Even some health workers are balking at the prospect of getting any vaccine except Moderna or Pfizer, though J&J is more convenient (one dose and without the required refrigeration) and equal in protecting against serious illness or death — key requirements for an optimal coronavirus shot.

If the vaccines accomplish those preventive goals, they are a major benefit and should be accepted for that, expert say, even as medical science determines if they have even more positive outcomes, such as reducing or preventing transmission and allowing a speedier return to normality.

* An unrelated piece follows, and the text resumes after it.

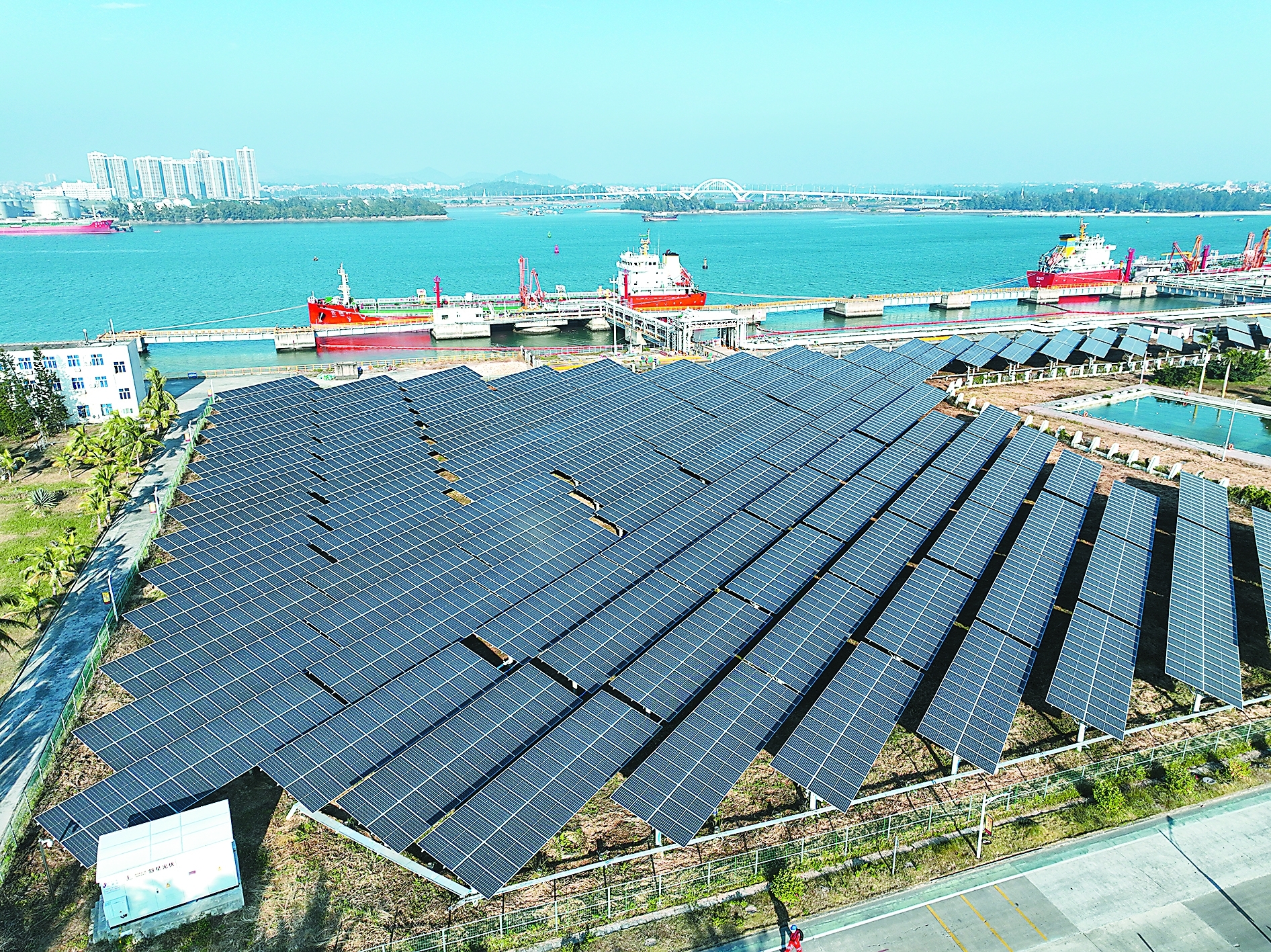 茂名石化目前已建成光伏项目36兆瓦,年发绿电量可达4400万千瓦时,年减碳量2.5万吨。图为茂名石化港口一区光伏发电项目。柯裕清 摄 程方军 文

Vaccine communications will be key

The current administration’s predecessors spent so little energy communicating to the public about the coronavirus vaccines — except to emphasize the speed with which they were developed and the importance they held to a presidential re-election campaign — that Biden officials find themselves working uphill to deal with hesitancy, resistance, and selectivity among patients about the shots. They represent a praise-worthy culmination of years of research and hard work by medical scientists, and that reality should not get lost.

These issues will become more significant concerns, perhaps in weeks, as administration efforts increase supplies and vaccinations, so they equal or exceed demand. Among health workers and first-responders hesitancy persists as an issue, as it does with military personnel. It is acute in communities of color, hard hit by infections and deaths by the disease. Administration officials have sought to address equity challenges by boosting mass vaccination sites, as well as increasing shots via mobile units, and clinics and pharmacies in communities, as well as by working with social and religious groups.

Public health experts increasingly will struggle, they say, in explaining to the vaccinated what makes sense for them to do, including, for now, maintaining many of the protective actions until medical science knows more about potential risks to and spread of the virus by the inoculated.

In the meantime, individual behaviors, seasonality, and public health measures appear to be working against the pandemic — before or with vaccination. Cases, hospitalizations, and deaths have fallen in most states, dramatically in some areas.

Experts have implored people to keep up their aggressive hygiene (especially hand washing), face covering (with better or two masks), distancing, and avoiding closed, poorly ventilated spaces, especially by staying home and mostly with members of one household.

At the same time, conditions are shifting, so the administration is pressing to get younger kids back to in-person schooling for at least part of the week. States and local governments are easing up public health restrictions, including on restaurants, bars, retail, and gyms. Bitter cold both may be keeping big numbers of people at home. Or it may be keeping them indoors (not outdoors) in risky spaces and with more people from outside their immediate households.

The race is on, medical scientists underscore, in getting enough people vaccinated or recovered from the sickness, so the nation resists increasing numbers of potentially more infectious and deadly coronavirus variants and achieves the much-desired, widespread “herd immunity” that makes it tough for the virus to rage on.

In my practice, I see not only the harms that patients suffer while seeking medical services, but also struggles to access and afford safe, efficient, and excellent health care. This has become an ordeal due to the skyrocketing cost, complexity, and uncertainty of treatments and prescription medications, too many of which turn out to be dangerous drugs. We also have endured months of a flood of falsehoods, anti-science denialism, and the brutal politicization of public health and medicine. Not good.

We have much work to do, individually and collectively, to end the pandemic and move the country to a better place.

DISCLAIMER: Because of the generality of this update, the information provided herein may not be applicable in all situations and should not be acted upon without specific legal advice based on particular situations.